Second, Canadian culture is unfinished and undefinable: unfinished because it’s always growing and changing, like Canada itself. 500 years ago Kanata meant living in huts by a river. 300 years ago to be Canadian meant to be French and Catholic in North America.

140 years ago “Canadian” extended beyond the Saint Lawrence to include the Maritimes, the west and the north. But 90 years ago it still means to be British in North America.

Canadian culture reflects this flow in a river of human activity. Now it’s been stretched by multiculturalism and new strength of First Nations. And it is unfinished because it is

Living, and mirroring the lives of living, growing people. If it’s not alive it’s no longer part of our culture.
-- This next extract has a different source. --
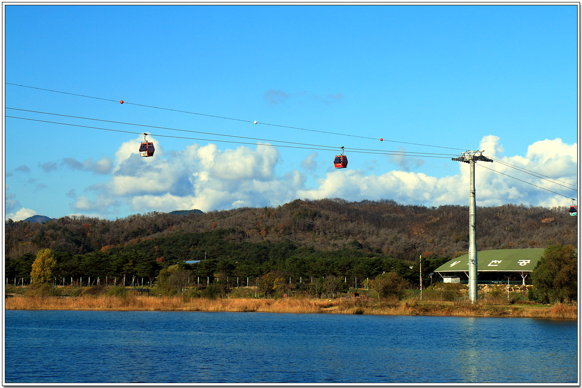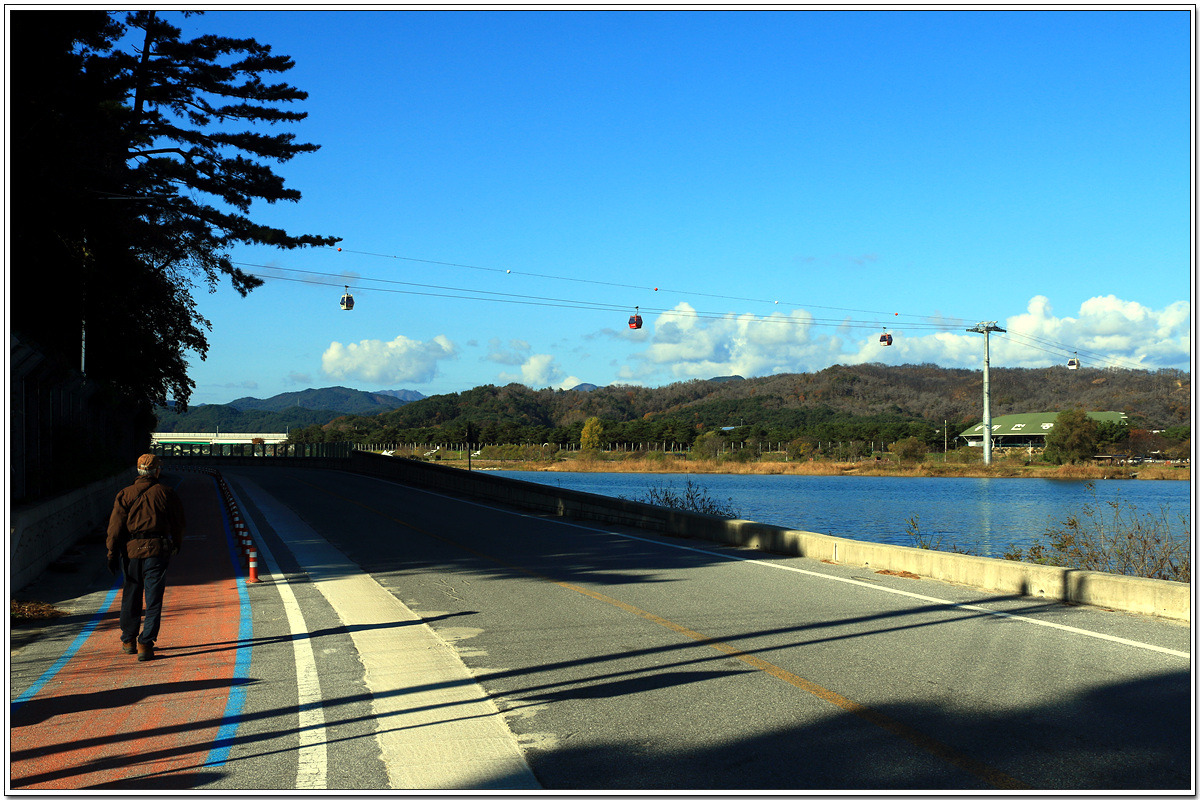 왕피천을 따라 내륙 쪽으로 가는데 저 위로 케이블카가 왕피천 위로 부지런이 움직이고 있다
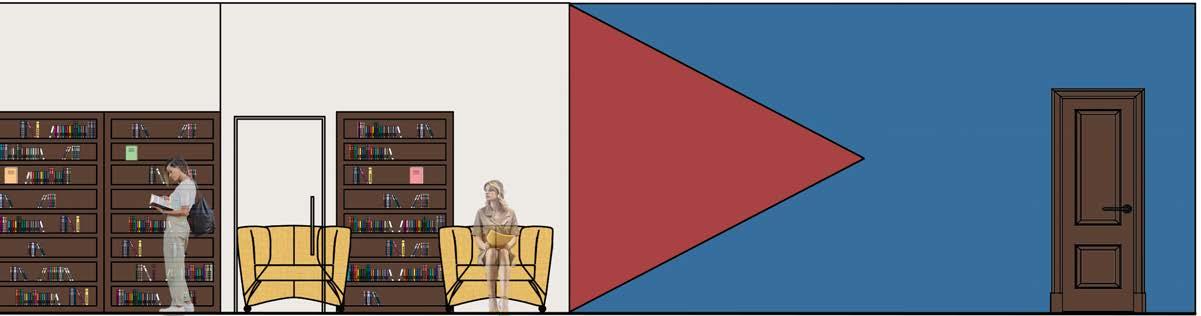 My research began with an exploration of the women’s rights movement. The purpose of this space is to tell stories of oppression, censorship, and marginalization. The envisioned space is an extension of Loudmouth Books, a Black, queer, womanowned Indianapolis-based independent bookstore dedicated to highlighting banned books and uplifting the work of marginalized authors. The intent is to foster a profound sense of belonging for marginalized and oppressed individuals. This is manifested by making elements and spaces that were once exclusionary more inclusive and playing with curvature to create a sense of interaction, gathering and dialogue.

The Behotuk of Newfoundland are part of our history and prehistory but not of our culture. Likewise the Orange Order that demonstrated against the French here as they did against Catholics in Northern Ireland. It, too, is not part of our culture.

Canadian culture is a conversation, it is unfinished, it is living and it is …

Tangible. To be alive, as we know life, a spirit must be material in some way. An idea is not part of our culture unless it is embodied. “Multiculturalism” is, because of the people that are here. “Bilingualism” is, too, because Canadians overlap in speaking English and French. The “social safety net” is more than an idea: it exists in programs and institutions in all our provinces and territories. Without the tangible expression, it would not be so.

Democracy has been a part of our culture for 160 years. Before responsible government, it was an idea our ancestors looked on like a later generation would regard communism.

With adoption of the Canadian Charter of Rights and Freedoms in 1982, Democratic Freedoms were written into our constitution, balancing minority rights and majority will.

Canadian culture is in some way universal in that it’s understandable beyond our borders. Cultures from far away and long ago speak to us: in the pyramids of the Nile and Central America. These speak of our fascination with the heavens. Though ancient Egyptian and Mayan, they live on embodied in our art galleries and observatories. While universal …

Canadian culture is also regional: in the dances of Acadia and Cape Breton, the painting of Emily Carr and Marc-Aurèle Fortin, the songs of Ian Tyson and Pauline Julien. To be embodied requires a specific context: a particular time and place.

Those who claim we have no culture are right if by national culture they mean a uniform, pan-Canadian blend. A National Ballet and National Opera represent us abroad but they are Canadian culture only as they bring together our regions and reveal us to each other.

Finally, Canadian culture is experience that brings together societies, time and space into the present Now. Mikhail Gorbochev launching a new Russian Revolution on a farm at Windsor, Ontario, Guy Carleton reporting to Britain on the quality of French Canadians, Alex Mackenzie writing “from Canada by land” on a rock—parts of the human journey.

This is Canadian because Canada, whose name means “village”, is essentially a meeting place. It is culture because it is part of the shared experience of humankind.

C – conversation

U – unfinished

L – living

T – tangible

U – universal

R – regional and

E – experience

Canadian Culture: the human experience focused on the northern half of the North American continent on the face of a blue green planet in an infinite Cosmos. And so it is.